The Wiregrass region, also known as the Wiregrass plains or Wiregrass country, is an area of the Southern United States encompassing parts of southern Georgia, southeastern Alabama, and the Florida Panhandle.  The region is named for the native Aristida stricta, commonly known as wiregrass due to its texture.

Geography
The region stretches approximately from just below Macon, Georgia and follows the Fall Line west to Montgomery, Alabama. From there it turns south and runs to approximately Washington County, Florida in the northern panhandle.  From there it runs east, roughly making its southern boundary along Interstate 10 to Lake City, Florida. From there it turns north, roughly following the Suwannee River back into Georgia and along the western fringes of the Okefenokee Swamp. From here it runs due north back to Macon.

Major highways
Interstate 75, Interstate 10, U.S. Route 231, U.S. Route 331, and portions of Interstate 65 traverse parts of the Wiregrass.  The portion of U.S. Route 84 through Georgia is known as the Wiregrass Georgia Parkway.

Major cities
Major cities in the region include:

Abbeville, Alabama
Abbeville, Georgia
Albany, Georgia
Americus, Georgia
Bainbridge, Georgia
Baxley, Georgia
Cordele, Georgia
Daleville, Alabama
Donalsonville, Georgia
Dothan, Alabama
Douglas, Georgia
Enterprise, Alabama
Eufaula, Alabama
Fitzgerald, Georgia
Geneva, Alabama
Homerville, Georgia
Jasper, Florida
Lake City, Florida
Live Oak, Florida
Luverne, Alabama
Madison, Florida
Monticello, Florida
Marianna, Florida
Moultrie, Georgia
Nashville, Georgia
Ocilla, Georgia
Opp, Alabama
Ozark, Alabama
Panama City, Florida
Perry, Florida
Tallahassee, Florida
Thomasville, Georgia
Tifton, Georgia
Troy, Alabama
Valdosta, Georgia
Waycross, Georgia
White Springs, Florida

Military bases
The region includes Fort Rucker, a U.S. Army post located mostly in Dale County, Alabama.  The post is the primary flight training base for Army Aviation and is home to the United States Army Aviation Center of Excellence (USAACE) and the United States Army Aviation Museum, as well as Moody Air Force Base located in Lowndes and Lanier County, Georgia. Moody AFB is the home of the 23rd Wing. The wing executes worldwide close air support, force protection, and combat search and rescue operations (CSAR) in support of humanitarian interests, United States national security and the global war on terrorism (GWOT).

Waterways
There are two major waterways in the region, and they bisect the Wiregrass, dividing it into three portions.  The Chattahoochee River and the Flint River join to form the Apalachicola River, which flows south from Bainbridge, Georgia and Lake Seminole to the Gulf of Mexico at Apalachicola, Florida. Other waterways include Little Choctawhatchee River, Choctawhatchee River, and Choctawhatchee Bay.

Weather
Due to its proximity to the Gulf of Mexico, the Wiregrass region experiences high heat and humidity in the summers, and has mostly mild winters. The area is prone to hurricanes and tropical storms, most notably Hurricane Michael which highly impacted the area during its landfall in October 2018.
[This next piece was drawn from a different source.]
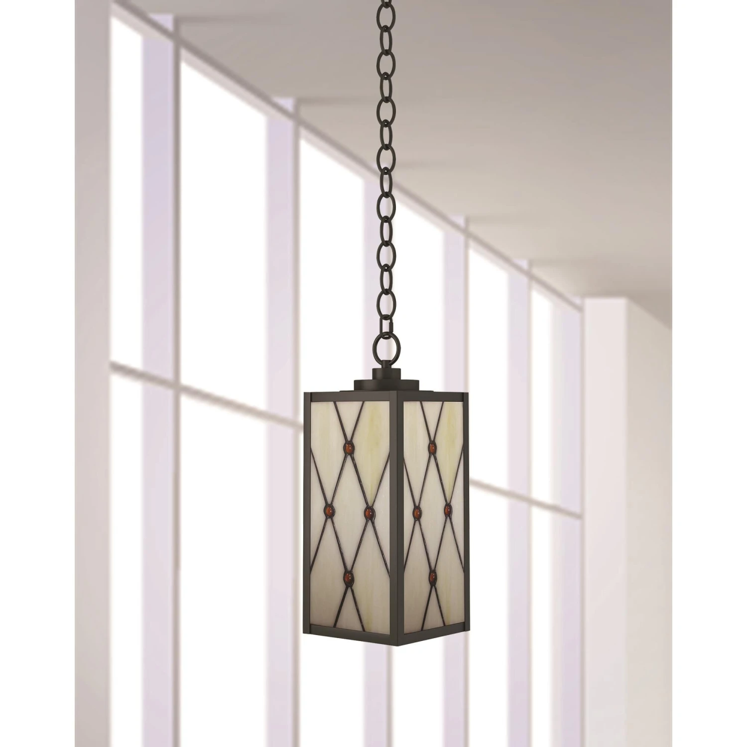 A contemporary classic, our Ory Outdoor Mini Pendant will add instant appeal to any outdoor area. The rectangular shade is crafted of large panels of frosted art glass that are encased in a metal frame. Each of the 4 sides feature a crisscross pattern that is accented with burnished amber art glass gems at each intersection that add a pop of color when the pendant is illuminated. Ory hangs from a round metal ceiling canopy and chain. All the metalwork is finished in contemporary Oil Rubbed Bronze, which complements any exterior decor. A wonderful choice for covered porches and patios, our Ory Outdoor Mini Pendant also is a delightful way to add cozy ambience to any outdoor seating area.

Representation in other media
Harper's Magazine published a poem by Charles Ghigna in September 1974 describing the Wiregrass Region; it is titled "The Alabama Wiregrassers."

References

External links
 Review of A Wiregrass Witness
 WiregrassLive.com - Citizen-driven news and messages
 Wiregrass Weather

Regions of Alabama
Regions of Florida
Regions of Georgia (U.S. state)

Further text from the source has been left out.